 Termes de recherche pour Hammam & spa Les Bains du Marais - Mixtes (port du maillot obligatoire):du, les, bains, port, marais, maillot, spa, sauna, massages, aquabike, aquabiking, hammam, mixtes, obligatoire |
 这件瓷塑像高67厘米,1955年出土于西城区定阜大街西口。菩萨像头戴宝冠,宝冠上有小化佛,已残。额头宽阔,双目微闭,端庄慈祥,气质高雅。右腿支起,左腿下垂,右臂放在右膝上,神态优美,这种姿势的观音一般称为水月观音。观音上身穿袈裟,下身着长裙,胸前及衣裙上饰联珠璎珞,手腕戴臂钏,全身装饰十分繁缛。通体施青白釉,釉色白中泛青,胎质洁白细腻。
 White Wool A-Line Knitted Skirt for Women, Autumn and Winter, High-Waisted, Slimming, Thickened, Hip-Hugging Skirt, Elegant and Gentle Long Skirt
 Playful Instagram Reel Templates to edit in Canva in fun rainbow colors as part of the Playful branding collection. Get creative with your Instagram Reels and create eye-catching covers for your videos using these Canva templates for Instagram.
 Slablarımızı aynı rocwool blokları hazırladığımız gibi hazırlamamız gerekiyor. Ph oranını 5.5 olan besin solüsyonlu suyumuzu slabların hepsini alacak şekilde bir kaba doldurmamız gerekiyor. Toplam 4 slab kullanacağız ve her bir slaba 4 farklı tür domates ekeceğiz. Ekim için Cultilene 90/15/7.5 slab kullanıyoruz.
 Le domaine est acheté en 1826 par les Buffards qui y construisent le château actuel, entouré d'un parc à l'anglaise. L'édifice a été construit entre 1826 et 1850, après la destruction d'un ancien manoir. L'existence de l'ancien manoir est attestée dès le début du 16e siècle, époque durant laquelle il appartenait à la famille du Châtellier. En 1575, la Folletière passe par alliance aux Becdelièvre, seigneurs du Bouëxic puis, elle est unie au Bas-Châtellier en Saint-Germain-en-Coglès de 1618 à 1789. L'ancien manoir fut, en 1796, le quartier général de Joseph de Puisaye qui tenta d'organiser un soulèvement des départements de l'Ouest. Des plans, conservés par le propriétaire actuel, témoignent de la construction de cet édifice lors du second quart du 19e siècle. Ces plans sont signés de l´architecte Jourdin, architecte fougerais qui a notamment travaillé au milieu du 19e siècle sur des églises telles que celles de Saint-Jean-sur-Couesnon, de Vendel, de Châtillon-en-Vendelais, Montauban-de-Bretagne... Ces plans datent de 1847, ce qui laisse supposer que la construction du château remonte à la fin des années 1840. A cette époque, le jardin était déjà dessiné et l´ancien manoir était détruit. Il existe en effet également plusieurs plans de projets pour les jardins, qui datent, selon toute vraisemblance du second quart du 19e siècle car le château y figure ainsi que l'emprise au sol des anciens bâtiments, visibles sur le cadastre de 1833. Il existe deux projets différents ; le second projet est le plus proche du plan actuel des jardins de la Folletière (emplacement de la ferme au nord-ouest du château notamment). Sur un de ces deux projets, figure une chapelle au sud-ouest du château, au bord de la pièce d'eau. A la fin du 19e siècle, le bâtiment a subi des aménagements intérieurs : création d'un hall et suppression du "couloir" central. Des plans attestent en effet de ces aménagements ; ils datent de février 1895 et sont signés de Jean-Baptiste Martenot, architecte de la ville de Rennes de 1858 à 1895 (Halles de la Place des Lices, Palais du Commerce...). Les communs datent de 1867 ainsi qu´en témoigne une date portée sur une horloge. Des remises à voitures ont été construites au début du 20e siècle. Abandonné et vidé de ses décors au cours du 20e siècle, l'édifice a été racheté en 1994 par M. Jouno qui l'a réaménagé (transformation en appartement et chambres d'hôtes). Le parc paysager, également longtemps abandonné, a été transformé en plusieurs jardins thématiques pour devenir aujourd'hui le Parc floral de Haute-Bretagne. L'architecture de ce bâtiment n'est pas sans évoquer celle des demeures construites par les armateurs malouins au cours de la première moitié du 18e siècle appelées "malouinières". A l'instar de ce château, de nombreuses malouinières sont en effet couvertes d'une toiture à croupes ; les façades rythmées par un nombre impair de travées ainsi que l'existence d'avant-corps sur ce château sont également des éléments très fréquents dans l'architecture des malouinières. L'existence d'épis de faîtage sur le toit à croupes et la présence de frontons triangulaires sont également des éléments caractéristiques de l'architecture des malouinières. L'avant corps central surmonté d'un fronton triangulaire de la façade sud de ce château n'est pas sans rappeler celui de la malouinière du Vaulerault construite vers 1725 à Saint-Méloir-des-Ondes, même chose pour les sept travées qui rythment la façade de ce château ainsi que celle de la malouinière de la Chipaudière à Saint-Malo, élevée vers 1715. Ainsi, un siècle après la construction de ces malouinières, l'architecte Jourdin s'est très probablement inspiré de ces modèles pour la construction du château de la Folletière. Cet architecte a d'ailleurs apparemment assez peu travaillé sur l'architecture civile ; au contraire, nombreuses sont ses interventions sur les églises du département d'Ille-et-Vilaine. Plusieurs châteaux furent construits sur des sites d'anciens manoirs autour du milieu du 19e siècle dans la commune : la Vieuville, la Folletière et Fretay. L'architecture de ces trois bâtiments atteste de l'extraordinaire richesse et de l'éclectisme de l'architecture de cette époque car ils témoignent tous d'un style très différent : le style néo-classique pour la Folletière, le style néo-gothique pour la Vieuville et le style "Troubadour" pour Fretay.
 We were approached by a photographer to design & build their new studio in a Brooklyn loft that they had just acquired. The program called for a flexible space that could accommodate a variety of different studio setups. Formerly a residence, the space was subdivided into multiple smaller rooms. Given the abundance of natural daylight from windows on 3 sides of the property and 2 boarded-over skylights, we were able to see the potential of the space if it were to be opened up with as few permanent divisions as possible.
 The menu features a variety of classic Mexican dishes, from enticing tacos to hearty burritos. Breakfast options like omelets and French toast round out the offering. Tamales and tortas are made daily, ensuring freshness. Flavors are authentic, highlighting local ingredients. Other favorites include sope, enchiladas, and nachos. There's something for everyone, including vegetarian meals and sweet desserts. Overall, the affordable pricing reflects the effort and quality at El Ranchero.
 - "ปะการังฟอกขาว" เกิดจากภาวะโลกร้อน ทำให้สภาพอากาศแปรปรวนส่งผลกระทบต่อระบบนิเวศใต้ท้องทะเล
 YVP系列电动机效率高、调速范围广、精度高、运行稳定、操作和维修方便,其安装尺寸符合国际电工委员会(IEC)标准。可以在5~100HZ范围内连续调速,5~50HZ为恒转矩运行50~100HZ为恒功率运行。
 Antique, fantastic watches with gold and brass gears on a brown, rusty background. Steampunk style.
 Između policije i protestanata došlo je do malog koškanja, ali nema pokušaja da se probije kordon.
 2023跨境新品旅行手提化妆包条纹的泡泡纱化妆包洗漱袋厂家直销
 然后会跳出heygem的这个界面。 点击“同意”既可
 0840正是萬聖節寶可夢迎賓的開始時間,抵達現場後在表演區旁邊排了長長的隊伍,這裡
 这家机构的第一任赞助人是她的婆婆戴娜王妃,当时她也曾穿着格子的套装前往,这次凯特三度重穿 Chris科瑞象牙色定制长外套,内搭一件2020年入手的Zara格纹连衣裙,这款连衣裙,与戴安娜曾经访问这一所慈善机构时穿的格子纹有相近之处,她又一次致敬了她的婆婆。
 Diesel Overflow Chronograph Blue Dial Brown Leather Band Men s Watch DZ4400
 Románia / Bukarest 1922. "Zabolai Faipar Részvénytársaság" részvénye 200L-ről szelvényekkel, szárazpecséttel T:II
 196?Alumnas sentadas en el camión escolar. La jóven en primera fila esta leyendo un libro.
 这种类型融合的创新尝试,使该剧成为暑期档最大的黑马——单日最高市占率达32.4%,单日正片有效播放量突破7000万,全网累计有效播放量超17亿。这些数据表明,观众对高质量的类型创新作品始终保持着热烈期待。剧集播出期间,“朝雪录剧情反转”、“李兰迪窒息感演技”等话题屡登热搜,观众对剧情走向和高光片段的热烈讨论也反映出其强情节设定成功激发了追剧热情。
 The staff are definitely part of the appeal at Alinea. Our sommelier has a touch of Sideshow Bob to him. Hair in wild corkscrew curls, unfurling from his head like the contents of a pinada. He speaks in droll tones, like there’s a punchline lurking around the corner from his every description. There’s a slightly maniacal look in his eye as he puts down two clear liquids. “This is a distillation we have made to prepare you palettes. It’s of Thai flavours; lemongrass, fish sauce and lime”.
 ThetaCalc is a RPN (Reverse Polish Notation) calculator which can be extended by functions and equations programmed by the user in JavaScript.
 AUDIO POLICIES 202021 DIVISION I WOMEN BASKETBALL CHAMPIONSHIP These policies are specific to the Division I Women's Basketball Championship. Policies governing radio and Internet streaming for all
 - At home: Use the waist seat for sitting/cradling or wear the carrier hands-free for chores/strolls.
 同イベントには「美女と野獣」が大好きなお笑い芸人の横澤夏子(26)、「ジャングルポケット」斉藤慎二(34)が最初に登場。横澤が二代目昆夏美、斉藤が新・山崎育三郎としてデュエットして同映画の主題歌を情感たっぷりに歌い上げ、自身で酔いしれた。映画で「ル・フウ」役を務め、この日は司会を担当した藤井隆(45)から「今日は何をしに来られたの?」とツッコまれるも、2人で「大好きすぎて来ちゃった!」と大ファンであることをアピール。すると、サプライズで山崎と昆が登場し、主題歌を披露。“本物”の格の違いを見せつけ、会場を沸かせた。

-=-=-

In the listing above, locate the line containing "这家机构的第一任赞助人是她的" and the line containing "Diesel Overflow Chronograph", then transcribe both and every line between them verbatim.

 这家机构的第一任赞助人是她的婆婆戴娜王妃,当时她也曾穿着格子的套装前往,这次凯特三度重穿 Chris科瑞象牙色定制长外套,内搭一件2020年入手的Zara格纹连衣裙,这款连衣裙,与戴安娜曾经访问这一所慈善机构时穿的格子纹有相近之处,她又一次致敬了她的婆婆。
 Diesel Overflow Chronograph Blue Dial Brown Leather Band Men s Watch DZ4400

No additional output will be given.